Throughput requirements are different from latency requirements. The only similarity that the throughput requirements share with latency is the fact that again, these requirements need to be derived from generic throughput requirements. Generic requirements for throughput can be similar to the following:

  • The solution must be able to process 1,000,000 invoices/day
  • The solution must support 1,000 authenticated users each invoking one of the functions A, B or C every five to ten seconds
  • Weekly statistics for all customers have to be composed in no more than six hours each Sunday night between 12 PM and 6 AM

So, instead of setting requirements for a single operation, the requirements for throughput specify how many operations the system must process in a given time unit. Similar to the latency requirements, the GC tuning part now requires determining the total time that can be spent on GC during the time measured. How much is tolerable for the particular system is again application-specific, but as a rule of thumb, anything over 10% would look suspicious.

Let us now assume that the requirement at hand foresees that the system processes 1,000 transactions per minute. Let us also assume that the total duration of GC pauses during any minute cannot exceed six seconds (or 10%) of this time.

Having formalized the requirements, the next step would be to harvest the information we need. The source to be used in the example is again GC logs, from which we would get information similar to the following:

2015-06-04T13:34:16.974-0200: 2.578: [Full GC (Ergonomics) [PSYoungGen: 93677K->70109K(254976K)] [ParOldGen: 499597K->511230K(761856K)] 593275K->581339K(1016832K), [Metaspace: 2936K->2936K(1056768K)], 0.0713174 secs] [Times: user=0.21 sys=0.02, real=0.07 secs

This time we are interested in user and system times instead of real time. In this case we should focus on 23 milliseconds (21 + 2 ms in user and system times) during which the particular GC pause kept CPUs busy. Even more important is the fact that the system was running on a multi-core machine, translating to the actual stop-the-world pause of 0.0713174 seconds, which is the number to be used in the following calculations.

Extracting the information similar to the above from the GC logs across the test period, all that is left to be done is to verify the total duration of the stop-the-world pauses during each minute. In case the total duration of the pauses does not exceed 6,000ms or six seconds in any of these one-minute periods, we have fulfilled our requirement.

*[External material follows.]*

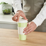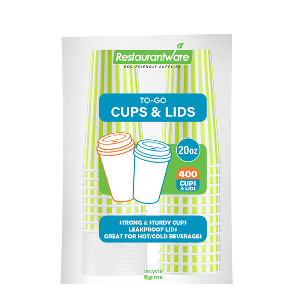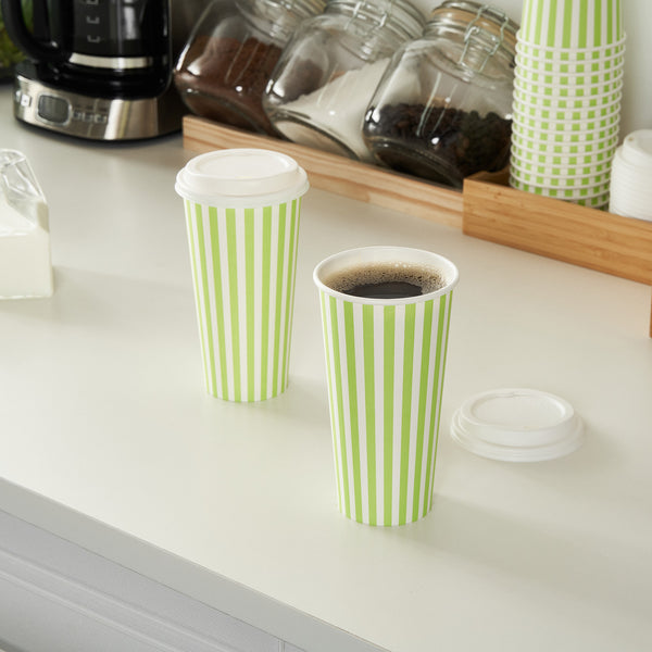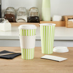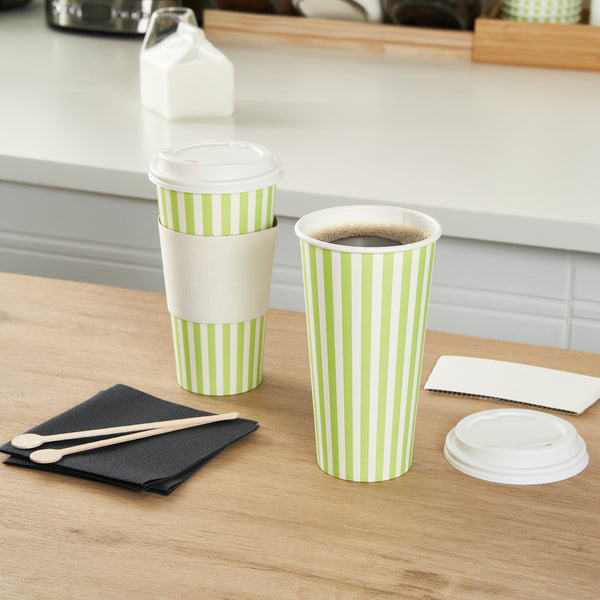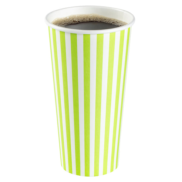Serve your hot and cold beverages in style with our Restpresso 20-ounce Green and White Stripe Paper Single Wall Coffee Cups. Crafted with a greaseproof PE liner, these paper coffee cups ensure a comfortable customer experience. Boasting a single-wall construction, these disposable hot cups come are ideal for hot and cold drinks, making them a versatile addition to your foodservice business. The leakproof white lid of these cups for coffee allow you to take your beverages on the go without any mess. With their stylish green and white striped finish, these single wall coffee cups not only function well but also look great, adding a touch of elegance to your beverage offerings. Featuring a rolled rim and a leak-resistant seam, these disposable coffee cups ensure a secure and comfortable sipping experience for your customers. Easily stackable, these paper cups are designed to optimize your storage space, making them a convenient choice for businesses of all sizes. Couple these insulated coffee cups with our diverse sleeve options for a warm and secure coffee-drinking experience. With a generous 20-ounce capacity and measuring 3.5 inches in diameter by 6.5 inches in height, these recyclable hot tea cups can comfortably hold large servings of your delicious beverages, making them perfect for coffee shops, cafes, and take-out services. Sold in a 400 count box. Sleeves are available and sold separately.

Capacity requirements put additional constraints on the environment where the throughput and latency goals can be met. These requirements might be expressed either in terms of computing resources or in cold hard cash. The ways in which such requirements can be described can, for example, take the following form:

  • The system must be deployed on Android devices with less than 512 MB of memory
  • The system must be deployed on Amazon EC2 The maximum required instance size must not exceed the configuration c3.xlarge (8 G, 4 cores)
  • The monthly invoice from Amazon EC2 for running the system must not exceed $12,000

Thus, capacity has to be taken into account when fulfilling the latency and throughput requirements. With unlimited computing power, any kind of latency and throughput targets could be met, yet in the real world the budget and other constraints have a tendency to set limits on the resources one can use.